== WORK REQUIRED ==
Apart from the images, repeat the data below exactly as written.

== INFORMATION PROVIDED ==
————

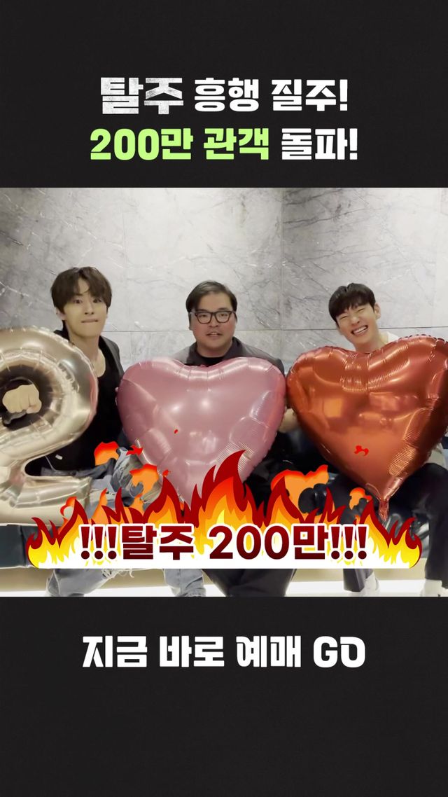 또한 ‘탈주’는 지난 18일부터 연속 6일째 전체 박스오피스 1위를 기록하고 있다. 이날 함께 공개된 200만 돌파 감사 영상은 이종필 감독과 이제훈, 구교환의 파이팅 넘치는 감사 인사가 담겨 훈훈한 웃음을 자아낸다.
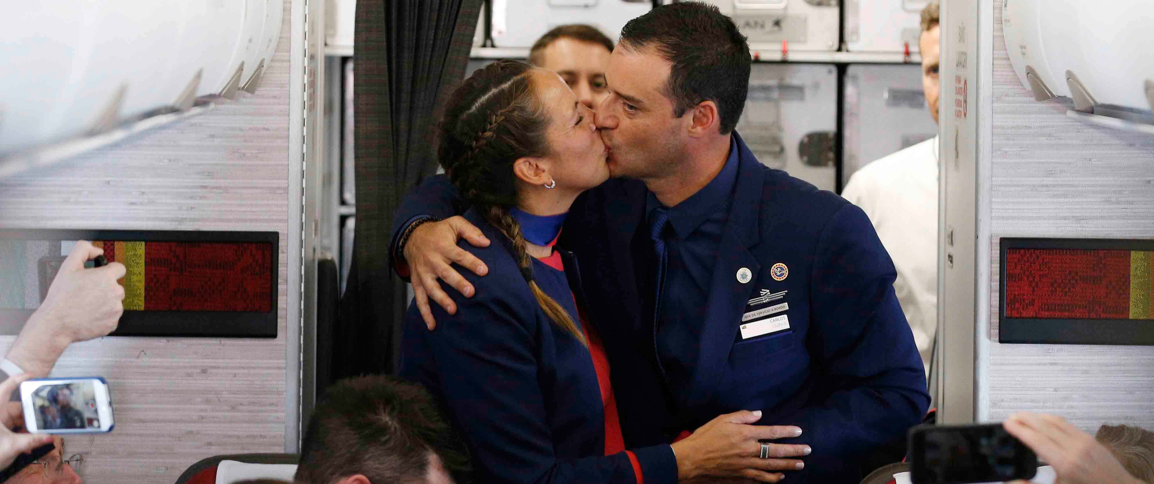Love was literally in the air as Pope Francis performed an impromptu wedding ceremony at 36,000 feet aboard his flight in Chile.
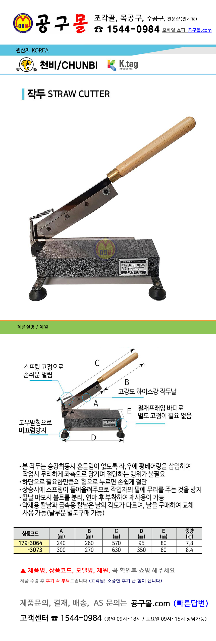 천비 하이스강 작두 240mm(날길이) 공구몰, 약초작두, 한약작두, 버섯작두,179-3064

————

== EXERCISE OUTPUT ==
 또한 ‘탈주’는 지난 18일부터 연속 6일째 전체 박스오피스 1위를 기록하고 있다. 이날 함께 공개된 200만 돌파 감사 영상은 이종필 감독과 이제훈, 구교환의 파이팅 넘치는 감사 인사가 담겨 훈훈한 웃음을 자아낸다.
Love was literally in the air as Pope Francis performed an impromptu wedding ceremony at 36,000 feet aboard his flight in Chile.
 천비 하이스강 작두 240mm(날길이) 공구몰, 약초작두, 한약작두, 버섯작두,179-3064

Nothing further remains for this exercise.